Pay special attention to `upperBoundThreshold` which if exceeded will force GC
for every allocated tensor, ignoring `delayBetweenGCs`. Supplying a value that
will fully utilize your hardware can greatly improve performance.

## Statistics

```mermaid
graph TD
OpA(Op A) --> statsA{{"stats A"}};
OpB(Op B) --> statsA;
statsA --> LoggerA{{"LoggerConsole A"}};
LoggerA --> Stdout(("Stdout"));
OpC(Op C) --> statsA;
OpD(Op D) --> statsA;
statsA --> LoggerB("LoggerCustom B");
LoggerB --> Disk(("Disk"));
```

Basic usage of gathering statistics is as simple adding
a collector using the default `StatsLoggerConsole`.

```
import { stats, StatsLoggerConsole, rand, matmul } from '@shumai/shumai'

stats.enabled = true // all ops following will capture stats

// perform ops...

stats.enabled = false // all ops following will no longer capture stats
```

While the above examples may suffice for simple use cases, if you're
looking to capture stats across multiple threads, processes, and/or hosts,
`StatsLoggerHttp` has you covered.

```mermaid
graph TD
subgraph Host C
Processor("LoggerHttp Processor")
style Processor stroke:#222,stroke-width:4px,stroke-dasharray:5 5
end
subgraph Host A
OpA(Op A) --> statsA{{"stats A"}};
OpB(Op B) --> statsA;
statsA --> LoggerA{{"LoggerHttp A"}};
LoggerA --> Processor;
end
subgraph Host B
OpC(Op C) --> statsB{{"stats B"}};
OpD(Op D) --> statsB;
statsB --> LoggerB{{"LoggerHttp B"}};
LoggerB --> Processor;
end
```

```
import { StatsLoggerHttp } from '@shumai/shumai'

stats.logger = new StatsLoggerHttp({ url: 'http://localhost:4242' })
```

For more custom needs you can supply your own logger:

```
import { StatsLogger, StatsLoggerData } from '@shumai/shumai'

class CustomLogger implements StatsLogger {
async process(data: StatsLoggerData): Promise {
const summary = data.collector.getSummary()
console.log('Collector stats:', summary)
}
}

stats.logger = new CustomLogger()
```

By default stack tracing is disabled as it adds 50%+ overhead, but can be enabled via `stats.collectStacks = true`.

### Scoped Statistics

If you wish to isolate stats profiling you can do this as well:

```
import { collectStats } from '@shumai/shumai'

const scopedStats = collectStats(() => {
// perform ops...
}/*, StatsCollectorOptions | StatsLogger */)
console.log(scopedStats.getSummary())
```

## Contributing

If you'd like to make changes to the core bindings or ffi, first [build from source](#installing-from-source).
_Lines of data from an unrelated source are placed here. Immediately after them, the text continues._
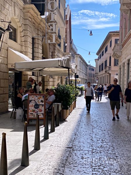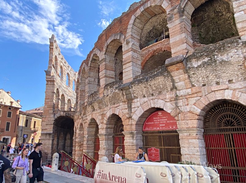 Verona did not disappoint. There was no heavy traffic or high-rise buildings. It was a slow, relaxed pace featuring old world archways and buildings, open-air plazas filled with restaurants, cafes, and shops on one side and views of a first century A.D. stone Roman arena on the other.
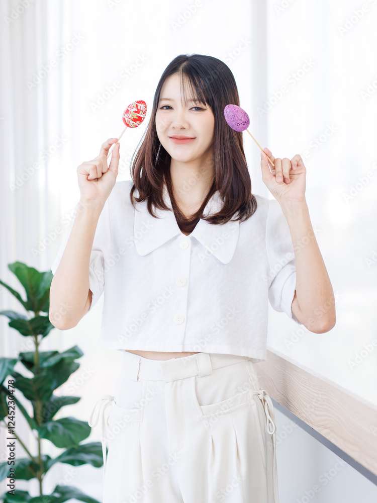 Portrait of attractive cheerful happy asian young pretty woman wearing casual clothes teenager smiling funny holding colorful easter egg pose looking at camera in living room at home Celebrate concept
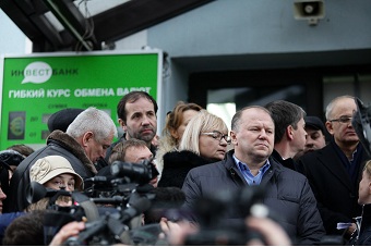 Напомним, ранее на ступенях главного офиса "Инвестбанка" губернатор заявлял вкладчикам, что может «только извиниться перед ними». Вкладчики в свою очередь требовали отставки Цуканова.

All files ending in `*.inl` or `*_gen.ts` are generated.
These can be modified by editing [`scripts/gen_binding.py`](https://github.com/facebookresearch/shumai/blob/main/scripts/gen_binding.py)
and running [`./scripts/gen_all_binding.sh`](https://github.com/facebookresearch/shumai/blob/main/scripts/gen_all_binding.sh).

See the [CONTRIBUTING](CONTRIBUTING.md) file for style guidance and more info on how to help out. 😁

### License

shumai is MIT licensed, as found in the LICENSE file.